La compositionnalité est un moyen de comprendre des objets complexes par la transformation et la combinaison d'éléments plus simples. Jusqu’à présent, cette capacité était supposée nécessiter une maîtrise du langage, apparaissant ainsi dans l'enfance après que les êtres humains ont appris à parler et à comprendre les autres. Cependant, "nous soutenons le contraire", ont déclaré des scientifiques de l’université d’Aix-Marseille et de l’École des Hautes Études en Sciences Sociales à Paris.
"Compositionnalité" : trois expériences pour évaluer le comportement des bébés d’un an
Dans le cadre d’une étude, ces derniers ont exploré la possibilité que la compositionnalité soit basée sur des processus simples et qu'elle soit donc déjà présente chez les bébés. Étant donné que les nourrissons de 12 mois ne peuvent pas encore exprimer leur processus de pensée, l’évaluation de leurs capacités de compositionnalité a été faite à l’aide de trois expériences, dont l’objectif principal était de mesurer le temps qu'ils passaient à regarder des objets spécifiques. Lors des interventions, les tout-petits ont visionné des vidéos d'une personne qui prenait un objet et affichait ensuite une expression faciale exprimant la négation, comme un léger froncement de sourcils et la bouche inversée. Les auteurs ont examiné si les bébés pouvaient composer correctement des phrases simples, à savoir nom-verbe, vers l’âge de 14 mois, comprendre des expressions faciales compositionnelles, c'est-à-dire une négation exprimée par une expression faciale, à un an, et réaliser des transformations mentales physiques de base à 10 mois.

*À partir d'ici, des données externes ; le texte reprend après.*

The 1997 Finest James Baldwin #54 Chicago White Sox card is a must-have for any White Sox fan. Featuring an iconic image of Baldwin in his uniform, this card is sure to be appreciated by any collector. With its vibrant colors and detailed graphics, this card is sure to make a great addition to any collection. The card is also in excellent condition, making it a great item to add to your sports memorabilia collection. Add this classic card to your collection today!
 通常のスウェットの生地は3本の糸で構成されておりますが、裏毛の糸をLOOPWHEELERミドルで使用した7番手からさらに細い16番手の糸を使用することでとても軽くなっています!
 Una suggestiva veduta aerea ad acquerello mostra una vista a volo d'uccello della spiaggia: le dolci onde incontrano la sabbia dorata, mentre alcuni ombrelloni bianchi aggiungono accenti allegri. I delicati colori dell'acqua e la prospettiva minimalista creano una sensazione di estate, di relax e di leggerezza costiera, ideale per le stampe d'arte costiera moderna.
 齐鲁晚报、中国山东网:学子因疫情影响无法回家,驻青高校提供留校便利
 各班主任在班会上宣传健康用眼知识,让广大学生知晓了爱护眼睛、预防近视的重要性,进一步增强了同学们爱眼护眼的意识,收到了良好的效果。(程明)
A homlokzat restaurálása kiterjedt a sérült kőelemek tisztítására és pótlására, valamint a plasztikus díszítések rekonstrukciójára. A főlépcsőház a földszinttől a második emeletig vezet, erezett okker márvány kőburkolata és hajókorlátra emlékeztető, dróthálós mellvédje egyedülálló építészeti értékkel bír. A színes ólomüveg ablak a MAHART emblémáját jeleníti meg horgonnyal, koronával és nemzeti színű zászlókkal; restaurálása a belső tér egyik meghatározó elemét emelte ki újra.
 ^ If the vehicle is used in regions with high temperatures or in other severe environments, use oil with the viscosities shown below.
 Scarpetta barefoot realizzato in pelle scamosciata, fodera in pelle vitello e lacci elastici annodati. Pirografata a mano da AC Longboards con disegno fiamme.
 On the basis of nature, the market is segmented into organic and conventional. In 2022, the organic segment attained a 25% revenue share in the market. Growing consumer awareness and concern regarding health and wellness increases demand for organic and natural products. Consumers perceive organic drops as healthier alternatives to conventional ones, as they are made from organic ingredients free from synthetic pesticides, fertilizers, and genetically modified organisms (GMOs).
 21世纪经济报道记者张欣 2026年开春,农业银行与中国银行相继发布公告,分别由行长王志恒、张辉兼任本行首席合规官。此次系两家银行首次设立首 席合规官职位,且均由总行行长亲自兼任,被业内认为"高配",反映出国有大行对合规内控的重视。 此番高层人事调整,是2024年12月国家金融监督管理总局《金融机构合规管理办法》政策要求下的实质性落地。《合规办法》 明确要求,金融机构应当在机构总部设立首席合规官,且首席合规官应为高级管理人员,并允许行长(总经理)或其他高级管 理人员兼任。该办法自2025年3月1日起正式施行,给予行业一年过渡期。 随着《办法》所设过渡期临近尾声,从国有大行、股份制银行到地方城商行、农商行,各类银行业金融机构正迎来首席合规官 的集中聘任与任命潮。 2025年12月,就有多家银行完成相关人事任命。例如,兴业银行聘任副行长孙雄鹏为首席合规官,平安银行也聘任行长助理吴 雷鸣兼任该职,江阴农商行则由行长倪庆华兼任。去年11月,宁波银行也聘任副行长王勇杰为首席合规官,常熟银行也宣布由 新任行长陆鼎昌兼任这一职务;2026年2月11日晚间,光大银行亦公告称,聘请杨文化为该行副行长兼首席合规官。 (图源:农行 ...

Les nourrissons comprendraient le "non" bien avant de savoir parler
Les résultats, publiés dans la revue Communications Psychology, indiquent que les tout-petits regardaient plus longtemps la personne dans la vidéo lorsqu'elle faisait une expression faciale exprimant la négation, ce qui suggère qu'ils comprenaient le sens de l'expression faciale et possédaient donc des compétences compositionnelles de base. "Cela s'est produit avant que les nourrissons ne comprennent le sens de la phrase correspondante", a précisé Isabelle Dautriche, qui a dirigé les travaux. Après les trois expériences, les auteurs ont conclu que la compositionnalité pouvait émerger avant que les êtres humains n'apprennent à parler. Cette capacité pourrait donc reposer sur des processus plus simples qu'on ne le pensait auparavant. "Nos recherches futures visent à décrire systématiquement la structure de la pensée chez les bébés avant qu'ils n'acquièrent un langage conséquent, ainsi que chez d'autres espèces, afin de mieux comprendre l'évolution de notre esprit et du langage", a ajouté Isabelle Dautriche.